NZ dollar climbs to 3-month vs. yen on current-account fears
NZ dollar climbs to 3-month vs. yen as Japan faces structural economic imbalance
By Paul McBeth
Feb. 8 (BusinessDesk) – The New Zealand dollar climbed to a three-month high against the yen amid speculation Japan may be facing its first current account deficit since 1981, sapping investors’ appetite for the safe-haven asset.
The kiwi climbed as high as 64.41 yen, the highest level since Oct. 31, from 63.89 yen yesterday and traded at 64.38 yen at 5pm. The currency rose to 83.52 US cents from 83.33 cents yesterday.
Japan’s currency weakened 0.4 percent to 76.96 yen per US dollar after the nation’s current account surplus shrank 75 percent to a 15-year low 303.5 billion yen in December, stoking speculation the world’s third-biggest economy will record its first current account deficit since 1981. Last month Japanese government figures showed the first trade deficit since 1980.

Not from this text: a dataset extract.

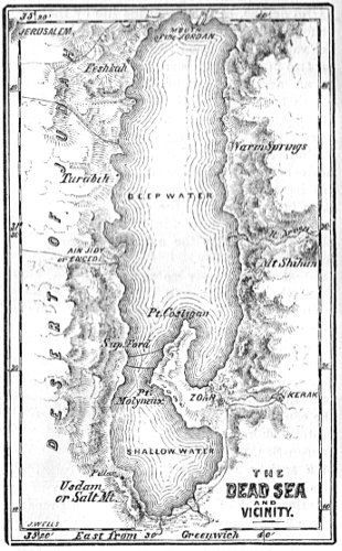 The information which the Christian world obtained in respect to the Dead Sea and the character of the country around it, was, after all, down to quite a late period, of a very vague and unsatisfactory character, being derived almost entirely from the reports of occasional travelers who approached the shores of it, from time to time, at certain points more accessible than others, but who remained at their places of observation for so brief a period, and were so restricted in respect to their means and facilities for properly examining the localities that they visited, that, notwithstanding all their efforts, the geography and natural history of the region were very imperfectly determined. Things continued in this state until the year 1847, when Lieutenant Lynch, of the United States naval service, made his celebrated expedition into the Holy Land, for the express purpose of exploring the River Jordan and the Dead Sea. We have already, in our article on the River Jordan, given an account of the landing of this party at the Bay of Acre, of their extraordinary journey across the country to the Sea of Galilee, and of their passage down the Jordan in the metallic boats, the Fanny Mason and the Fanny Skinner, which they had brought with them across to the Mediterranean. We now propose to narrate briefly the adventures which the intrepid explorer met with in his cruise around the Dead Sea. When he commenced the undertaking, it was considered both by himself and his companions, and also by his countrymen and friends at home, to be extremely doubtful whether he would be able to accomplish it. All previous attempts to navigate the sea had failed, and had proved fatal to their projectors. Some had been destroyed by the natives—others had sunk under the pestiferous effects of the climate. When, therefore, the boats of this party, heavily laden with their stores of provisions and their crews, came from the mouth of the Jordan out into the open sea, the hearts of the adventurous navigators were filled with many forebodings.

“Japan has tried jawboning, they’ve tried to intervene, and now they’re pointing out the structural imbalance in the Japanese economy,” said Mike Jones, currency strategist at Bank of New Zealand. “The market was pretty happy to take the yen lower, which is consistent with the risk-on mood” and supported the kiwi’s strength, he said.

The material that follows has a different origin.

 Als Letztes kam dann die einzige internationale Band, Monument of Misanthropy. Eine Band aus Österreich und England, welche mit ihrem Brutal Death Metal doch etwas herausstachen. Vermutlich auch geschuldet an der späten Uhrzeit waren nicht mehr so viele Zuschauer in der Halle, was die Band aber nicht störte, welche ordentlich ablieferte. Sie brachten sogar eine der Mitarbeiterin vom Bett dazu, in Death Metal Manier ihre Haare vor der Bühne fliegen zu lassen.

Upbeat optimism European policymakers will reach a deal to avert a Greek debt default added to the weight against the yen, as investors eschewed so-called safe-haven assets in search of fatter returns.
Traders will be watching tomorrow’s household labour force survey for direction on New Zealand’s jobs market, and economists are picking the unemployment rate will fall 0.1 percentage points to 6.5 percent. Still, the data series and “notoriously volatile” and a rogue number could create some excitement, Jones said.
BNZ economists predict the kiwi dollar will turn around from its recent five-month highs against the greenback, and is unlikely to test the 88 US cents figure it touched late last year.
Jones said there’s still momentum for the currency to push higher against the euro and the pound, and the European Central Bank and Bank of England meet to review monetary policy on Thursday in Europe.
The Bank of England is expected to resume its quantitative easing programme, while the ECB will likely reaffirm its easing bias, Jones said.
The kiwi fell to 63.07 euro cents from 63.89 cents yesterday, and increased to 52.86 pence from 52.72 pence.
It rose to 77.39 Australian cents from 77.26 cents yesterday, and was little changed at 73.12 on the trade-weighted index from 73.15.